Why it’s scary: It’s love or hate time with this divisive movie, but lose yourself to The Witch and suddenly everything is scary and you can’t put your shaking finger on exactly why. Every perfectly constructed shot of the family attempting to survive in the wilderness is cranked into fear-ville with a constantly surprising hellish score of strings and vocals. This means that when true horror eventually does hit after a torturous slow burn of tension, it’s like Eggers has masterfully wired you in for shocks and you didn’t notice. From the unnerving skip and shrill voices of the young twins to the monstrous goat known only as Black Phillip, there is unique horror lurking in The Witch that just doesn't go away.
12. The Wicker Man (1973)
The movie: If the above image doesn’t strike a sense of menace into your heart, it’s time to mainline Robin Hardy’s folk horror directly into your eyes. No, The Wicker Man isn’t just about reaction gifs and mocking the bee-packed Nicholas Cage remake. If nothing else, watching Edward Woodward’s journey to Summerisle is essential background reading for the 21st century spate of rural scary movies. The ideal accompaniment for the modern nastiness of Ari Aster’s Midsommar or Ben Wheatley’s Kill List, The Wickerman’s appeal is in its sheer terrifying simplicity. Policeman goes to island on the hunt for a missing girl. Policeman discovers all is not what it seems. Oh, and indeed, dear.

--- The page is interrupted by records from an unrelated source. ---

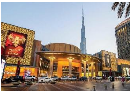
The Dubai Mall
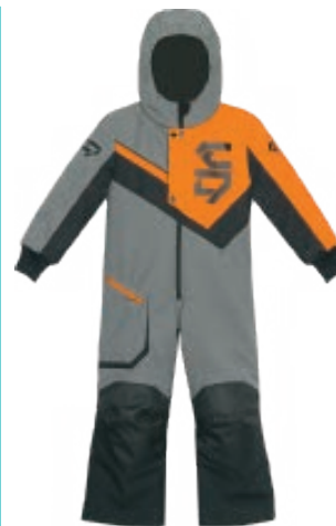
114724 90R Grey/Orange - 2 to 6X
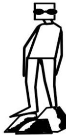
Fig.4.6: nkugbagbatọ (The blind person)

The symbol depicts a blind person with the foot on a stone.
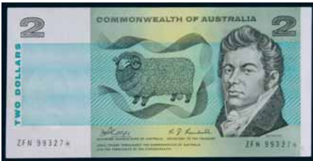
3129* Two dollars , Phillips/Randall (1968) ZFN 99327* (R.83s). Good extremely fine and scarce. $1,200
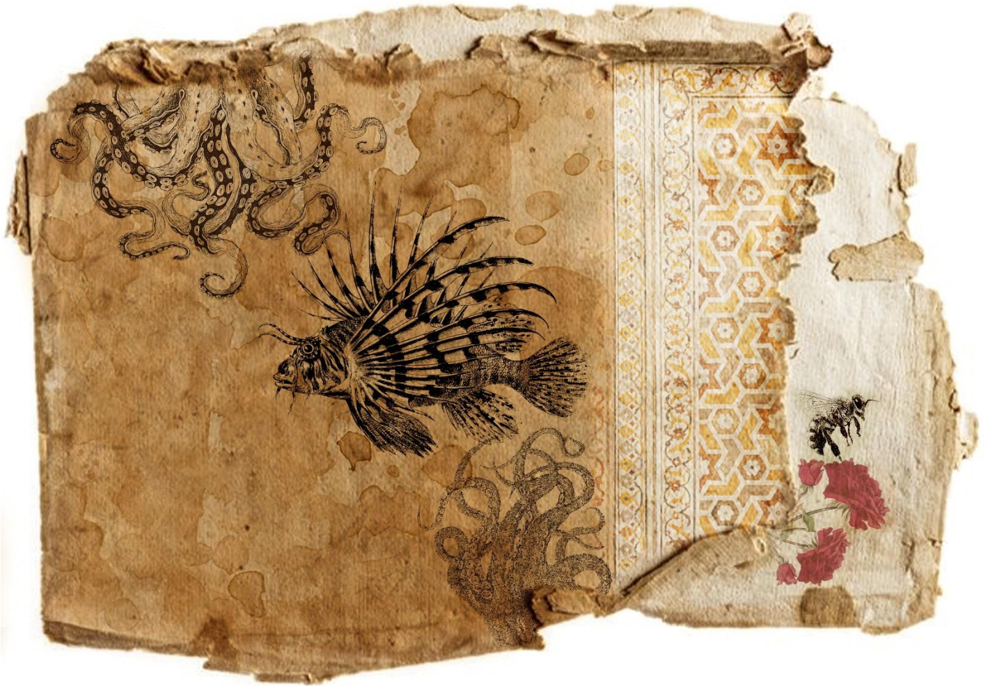
Stingers | Mixed Medium with printmaking | 10 x 7 Inches
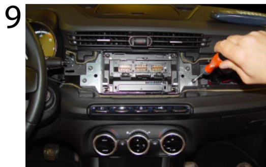
9 Connect all the cables then mount the radio and screw it into place
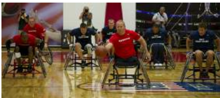
Figure 1.3.3: As recently disabled veterans integrate back into civilian life, they will be offered assistance and accommodations under the Americans with Disabilities Act.

Statistically, people with disabilities make up the largest minority group in the United States, with an estimated 20 percent of people five years or older living with some form of disability (Allen, 2011). Medical advances have allowed some people with disabilities to live longer and more active lives than before, which has led to an increase in the number of people with disabilities. This number could continue to increase, as we have thousands of veterans returning from the wars in Iraq and Afghanistan with physical disabilities or psychological impairments such as posttraumatic stress disorder.
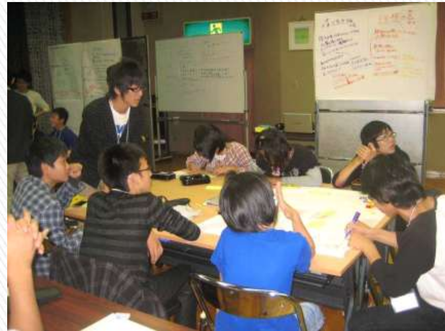
the Youth conference on Biodiversity by future generation

http://profile.ameba.jp/by-kodomo-cop10-members/
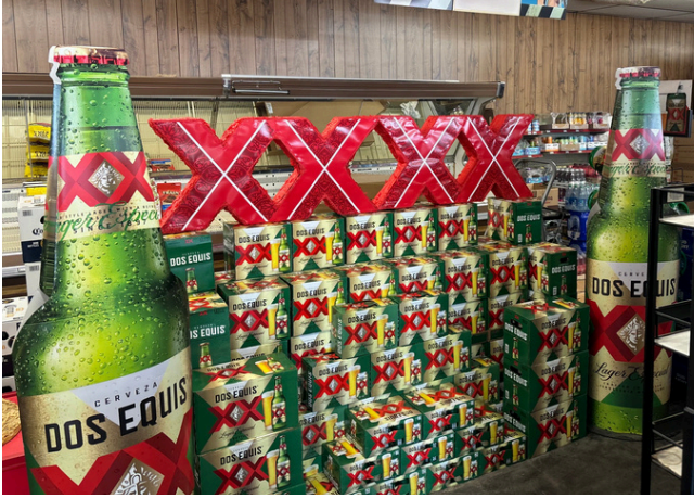
ARDS COUNTRY STORE | ODESSA

Why it’s scary: It’s a horror message that we’re all quite used to by now but humans being the real monsters never seems to get old. The inhabitants of Summerisle might seem somewhat comedic and there are more than a few moments of genuine humour in here, but The Wicker Man is fuel for your trust issues. Why should you truly believe what anyone says? How can you actually go to sleep in a world full of human beings? The fear of the unknown is potent as Woodward’s Neil Howie blunders into a world with its own set of rules and beliefs. And, if you have managed to somehow not know how it ends, the reveal is still absolutely devastating.
11. Get Out (2017)
The movie: Mid-20's photographer Chris is driving out to rural New York to meet his girlfriend's parents for the first time, but he's a little nervous. "Do they know I'm black?" he tentatively asks Rose, but she's having none of it: "My Dad would have voted for Obama a third time if he could have!". Phew! What could possibly go wrong? Everything. Everything can go wrong, Chris. Turn back now. This isn't just going to be slightly socially awkward.
Why it's scary: Bubbling with resonant social commentary, layered with hard-hitting goosebumps, and sprinkled with uncompromising humour, Get Out is a modern horror masterpiece in every sense of the word. Not content with scaring you just for its 90 minute run-time, director Jordan Peele wants to draw your attention to the real frightening truths rooted deep in the identity politics of contemporary America, and his grand reveal is more horrific than any jump scare could ever hope to be.